Data Schemas
Lead Scoring leverages Deals historical data. In this section the data schema defining the required columns is provided. All extra columns in the csv file will be ignored.
Deals
Each row in the csv file is related to a single deal. Fields whose name begins with company contain information relating to the company linked to the deal. Fields whose name begins with contact contain information about the person who is the main contact for the deal.
| Column name | Description | Format details | Nullable | Example |
|---|---|---|---|---|
| id | Unique identifier for the deal. | String | False | 1 |
| name | Name of the deal. | String | True | Deal with Company X |
| description | Description of the deal. | String | True | Partnership agreement |
| status | Indicates the status of the deal. Should be one of: closed_won, closed_lost, open. | String | False | closed_won |
| stage | Current stage of the deal. | String | False | Negotiation |
| currentStageStartDatetime | Datetime of entrance in the current deal stage. | yyyy-mm-ddThh:MM:ss | False | 2024-06-10T09:15:30 |
| value | Value associated with the deal. | Positive Decimal | False | 1000.00 |
| lastUpdateDatetime | Datetime of the deal last recorded change. | yyyy-mm-ddThh:MM:ss | False | 2024-06-18T12:30:45 |
| numberOfSentEmails | Number of emails sent to the contact regarding the deal. | Positive Integer | True | 5 |
| numberOfEmailOpens | Number of times deal-related emails were opened by the contact. | Positive Integer | True | 20 |
| numberOfReceivedEmails | Number of emails received from the contact regarding the deal. | Positive Integer | True | 5 |
| numberOfMeetings | Number of meetings related to the deal. | Positive Integer | True | 10 |
| lastInteractionDatetime | Datetime of last interaction (email, meeting, ..) regarding the deal. | yyyy-mm-ddThh:MM:ss | True | 2024-06-18T12:30:45 |
| creationDatetime | Refers to the datetime when this specific deal was initiated (or recorded in the system). | yyyy-mm-ddThh:MM:ss | False | 2024-05-01T08:00:00 |
| accountId | Unique identifier for the account associated the deal. | String | False | x |
| accountAverageResponseTime | The average response time of the account, in hours rounded to the nearest integer. | Positive Integer | True | 5 |
| companyId | Unique identifier for the associated company. | String | False | 123 |
| companyNumberOfEmployees | Number of employees in the company. | Positive Integer | True | 50 |
| companyRevenue | Revenue of the company. | Positive Decimal | True | 1000060.50 |
| companyIndustry | Industry in which the company operates. | String | True | Technology |
| companyType | Indicates the type of the company.

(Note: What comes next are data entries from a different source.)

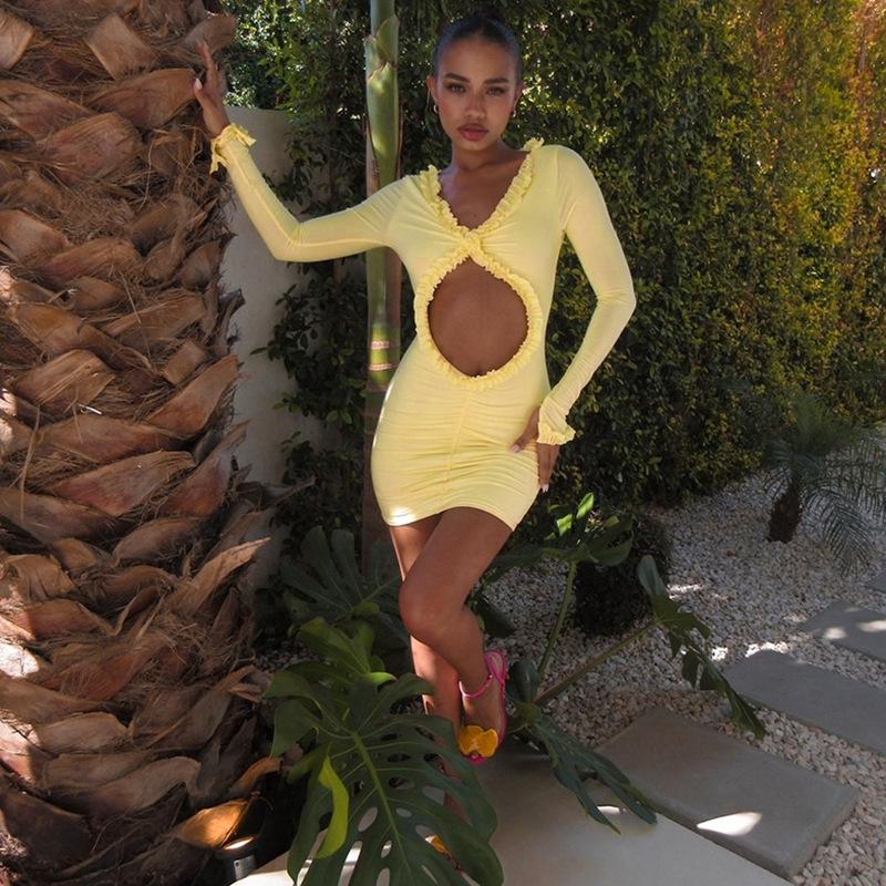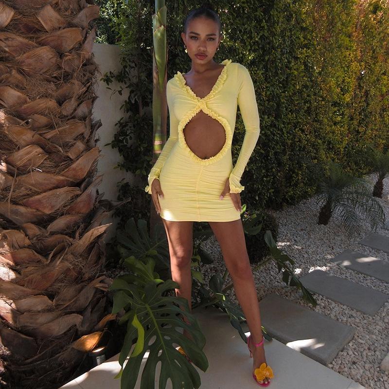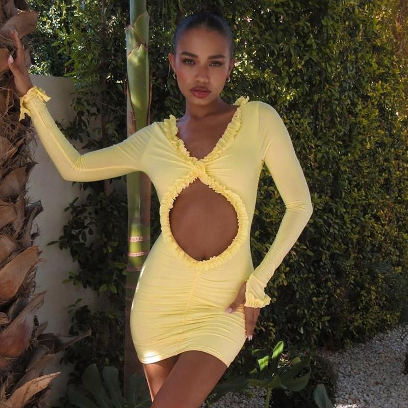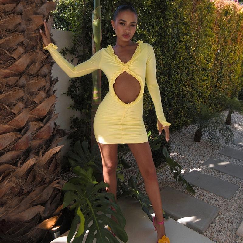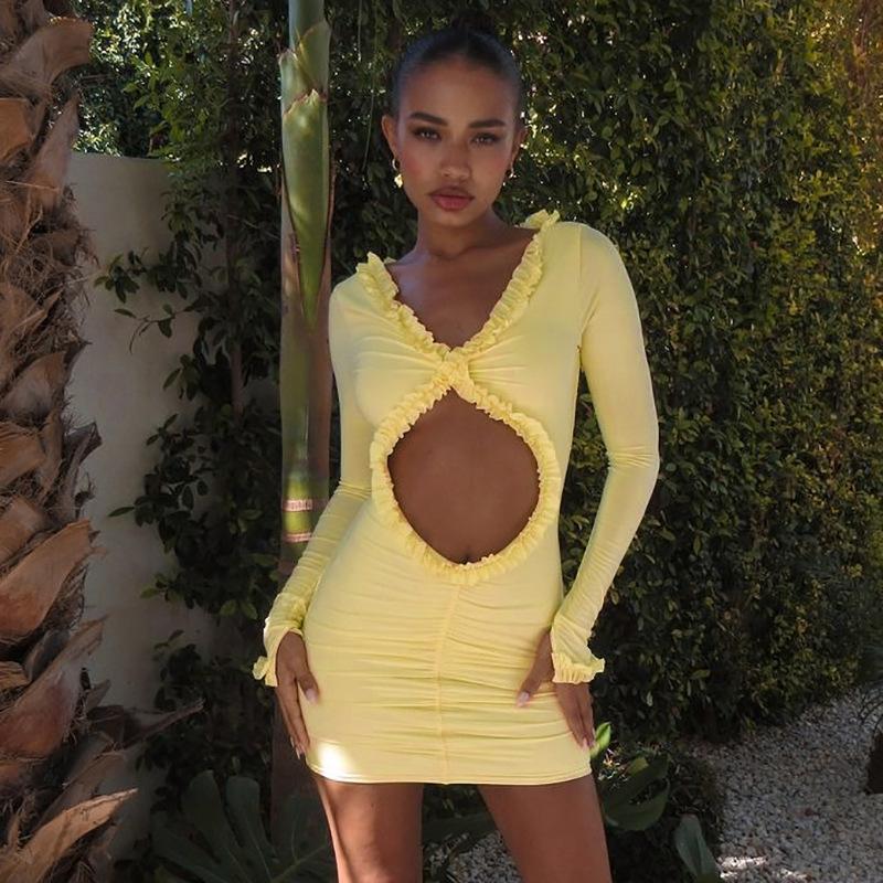 Ropa Europea y Americana 2024 Otoño Nuevo Color Sólido Cut Out Ombliguera Encaje Vestido Cubre Caderas para Mujer Venta al Por Mayor Comercio Exterior
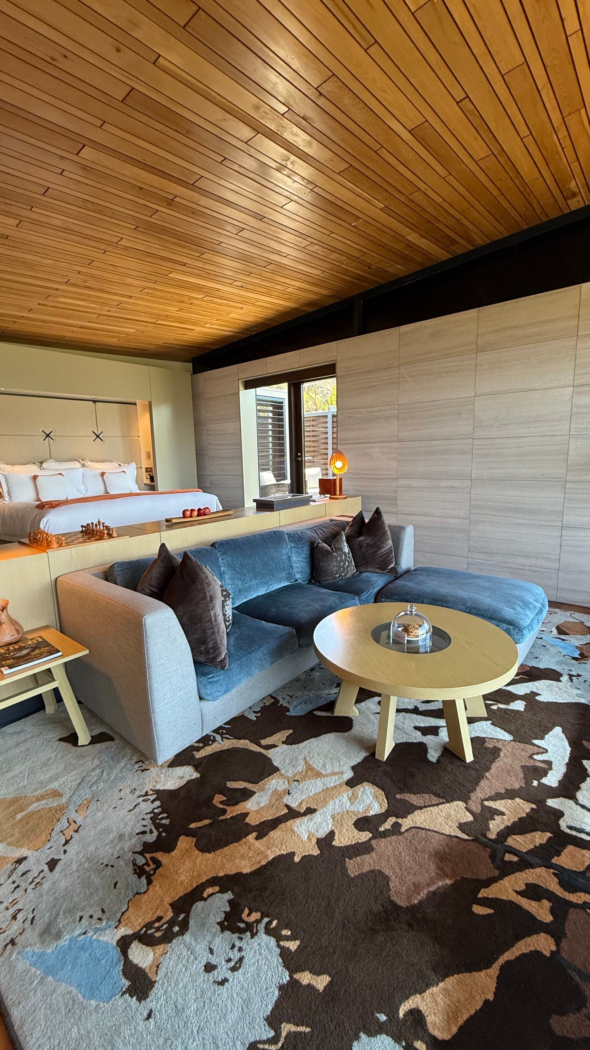 Guests can unwind in one of the 20 expansive suites, where floor-to-ceiling windows capture the stunning views of the bay and mountains. The luxury suites blend modern comfort with natural beauty, offering sweeping views of the bay and mountains. Featuring floor-to-ceiling windows, Tasmanian oak accents and private outdoor areas, these suites create an indulgent retreat. The Private Pavilions elevate the experience further, featuring plunge pools, private courtyards and separate living spaces for those seeking extra privacy and indulgence.
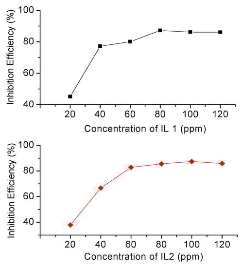 Percent inhibition efficiency (IE%) of IL1 and IL2 were calculated by Equation (1) as per Popova et al. []:
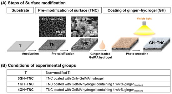 The ginger(fraction)-loaded GelMA(sol) was fabricated using freeze-dried GelMA, triethanolamine (TEA; Sigma-Aldrich, St. Louis, MO, USA), N-vinylcaprolactam (VC; Sigma-Aldrich, St. Louis, MO, USA), eosin Y disodium salt (Sigma-Aldrich, St. Louis, MO, USA), and the ginger(fraction). It finally comprised 5 w/v% GelMA, 1.5 w/v% TEA, 1 w/v% VC, 0.5 mM eosin Y disodium salt, and different concentrations (0, 1, and 4 w/v%) of ginger(fraction). Next, 25 µL of the ginger(fraction)-loaded GelMA mixture was coated on a 1 cm2 area of the TNC-modified surface. It was then photo-crosslinked by curing for 100 s using an LED light-curing unit (C02, Premium Plus, Bournemouth, UK) for polymerization into the hydrogel. The ginger(fraction)-loaded GelMA hydrogel (GH) on the TNC surface was freeze-dried at −80 °C for 3 days using a lyophilizer. The properties of GH−TNC surfaces were compared with that of the non-modified Ti surface. The groups were named according to the concentration (w/v%) of ginger(fraction) in the hydrogel, as shown in Figure 1.

Should be one of: public (if the company is publicly traded), private (if not publicly traded), public_administration. | String | True | private |
| companyDescription | Description about the company. | String | True | Leading AI solutions... |
| companyTechnologies | Semi-colon separated list of technologies used by the company. | String | True | AI;Machine Learning;web |
| companyCity | City where the company is located. | String | True | Oslo |
| companyCountry | Country where the company is located. | String | True | Norway |
| companyIsCustomer | True if the company referring to the deal is a customer (has at least one deal closed won). | Boolean | False | true |
| contactId | Unique identifier for the main contact person. | String | False | 456 |
| contactNumberOfConversions | Number of previous deals won with the contact. | Positive Integer | False | 5 |
| contactEmailDomainType | Indicates the contact's email type domain. Should be one of: free_provider (if the domain is provided by a free email hosting service), company (if not). | String | True | company |
| contactEmailOptedOut | Indicates whether the contact has opted out of receiving communications via email. | Boolean | True | true |
| contactAverageResponseTime | The average response time of the contact, in hours rounded to the nearest integer. | Positive Integer | True | 5 |
| lastSyncedAt | Datetime of the dataset was exported from the source CRM | yyyy-mm-ddThh:MM:ss | False | 2024-06-18T12:30:45 |
The lastSyncedAt and lastUpdateDatetime field are crucial for the Lead Scoring model to work correctly. The lastSyncedAt field should be updated every time the data is updated in the system. The lastUpdateDatetime field should be updated every
time a property of the deal is updated. These fields are very significant to properly represent the data and its evolution in time. It is important to keep these fields up to date not only for the data collection to work correctly but also to ensure
the model performs well.
All string fields should follow the following rules:
- all text should be enclosed in double quotes character
"; - text can contain new lines;
- if the text contains a character
", you should escape it by doubling it. Example: raw textClient said: "it is a great idea!"becomesClient said: ""it is a great idea!"".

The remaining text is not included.